Print the records below exactly as they appear. Omit all pictures.

* **Information provided**
──────────

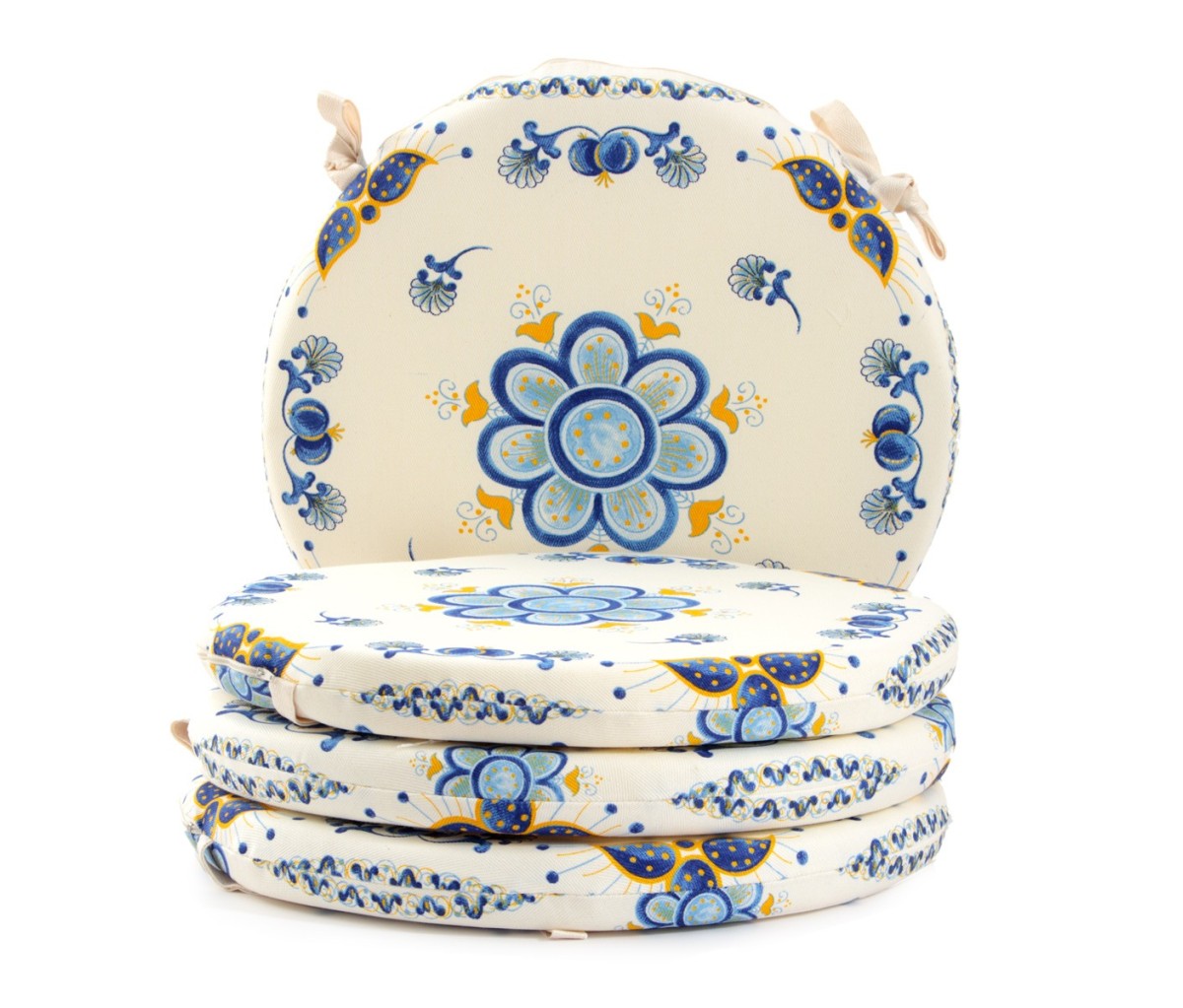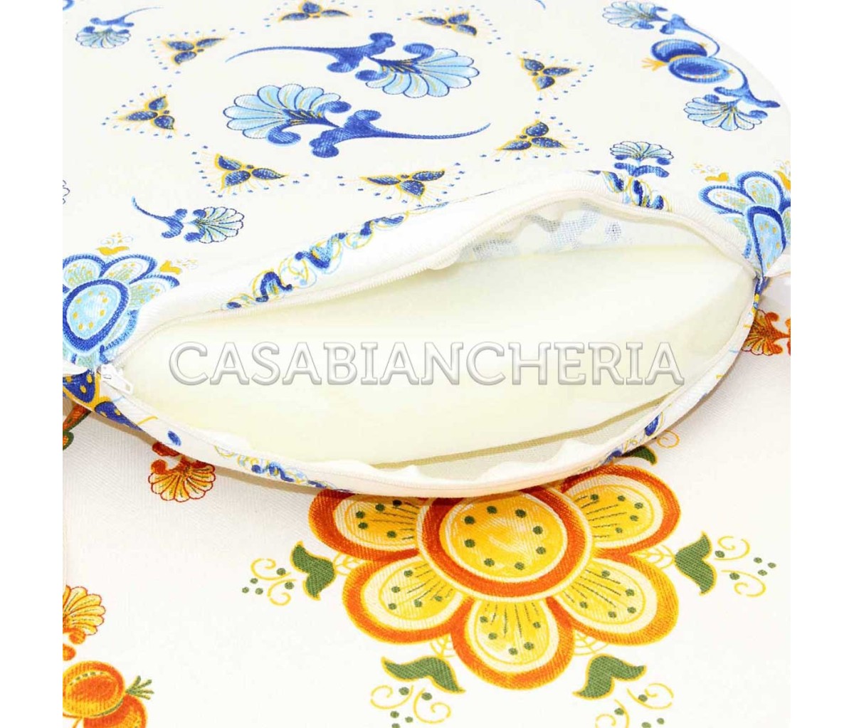 Il cuscino da sedia tondo con decoro Melograno della linea Stampe Artistiche Romagnole.
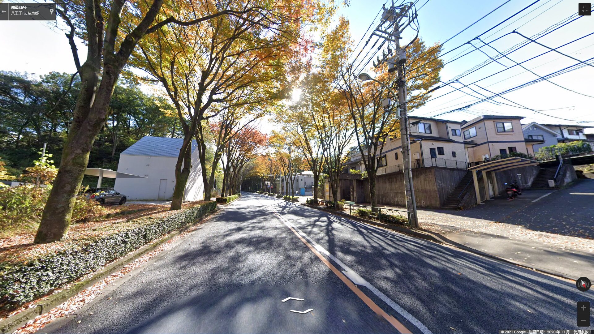 然后您点击地图上前后左右标记,就可以体验自由旅游了!(街景左上角箭头,是返回地图按钮,街景左下角有小地图按钮,点击可开启,查看当前街景时所在地图位置)
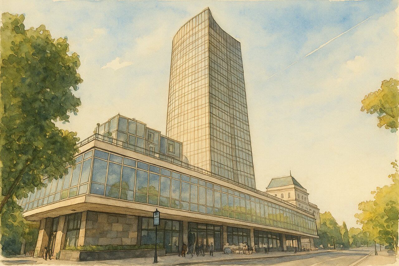 Millbank Tower was designed in the early 1960s by Ronald Ward and Partners and was completed in 1963. The architectural style is distinctly International Modernism, characterised by clean lines, a steel frame, and curtain wall glass façade.
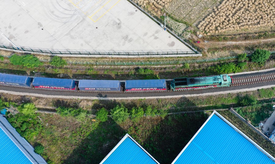 Aerial photo taken on May 26, 2020 shows a China-Europe freight train carrying mechanical accessories, fabrics and solar photovoltaic products bound for Hanoi of Vietnam leaving a logistic hub in Hai'an, east China's Jiangsu Province. (Xinhua/Ji Chunpeng)
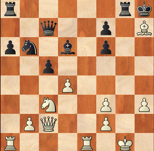 21.Kh1? (21.Bxg8 – Rxg8+ 22.Kf1 - cd 23.Qd2 threatening Qh6 mate - Rg6 24․Qxd4 + -) Subsequently, Whites lost their advantage resulting in an almost equal endgame. After move 38 made by Whites the following situation was obtained:
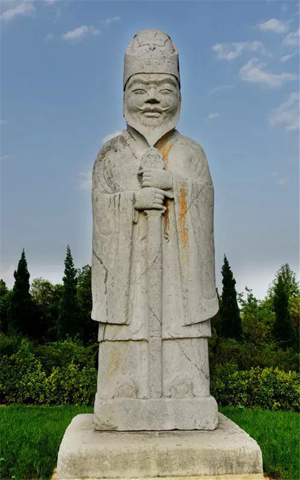 橋陵的石人身高都在4米左右,一個個面帶微笑,表情豐富,顯得氣度不凡,雍容華貴,反映了盛唐社會的和諧安定,經(jīng)濟(jì)上的欣欣向榮。雙眼皮、美人痣、波浪形的胡子讓你驚嘆雕刻手法的細(xì)膩傳神,尤其是1300年后連人的指甲蓋你都看的是一清二楚。

──────────

* **Task response**
 Il cuscino da sedia tondo con decoro Melograno della linea Stampe Artistiche Romagnole.
 然后您点击地图上前后左右标记,就可以体验自由旅游了!(街景左上角箭头,是返回地图按钮,街景左下角有小地图按钮,点击可开启,查看当前街景时所在地图位置)
 Millbank Tower was designed in the early 1960s by Ronald Ward and Partners and was completed in 1963. The architectural style is distinctly International Modernism, characterised by clean lines, a steel frame, and curtain wall glass façade.
 Aerial photo taken on May 26, 2020 shows a China-Europe freight train carrying mechanical accessories, fabrics and solar photovoltaic products bound for Hanoi of Vietnam leaving a logistic hub in Hai'an, east China's Jiangsu Province. (Xinhua/Ji Chunpeng)
 21.Kh1? (21.Bxg8 – Rxg8+ 22.Kf1 - cd 23.Qd2 threatening Qh6 mate - Rg6 24․Qxd4 + -) Subsequently, Whites lost their advantage resulting in an almost equal endgame. After move 38 made by Whites the following situation was obtained:
 橋陵的石人身高都在4米左右,一個個面帶微笑,表情豐富,顯得氣度不凡,雍容華貴,反映了盛唐社會的和諧安定,經(jīng)濟(jì)上的欣欣向榮。雙眼皮、美人痣、波浪形的胡子讓你驚嘆雕刻手法的細(xì)膩傳神,尤其是1300年后連人的指甲蓋你都看的是一清二楚。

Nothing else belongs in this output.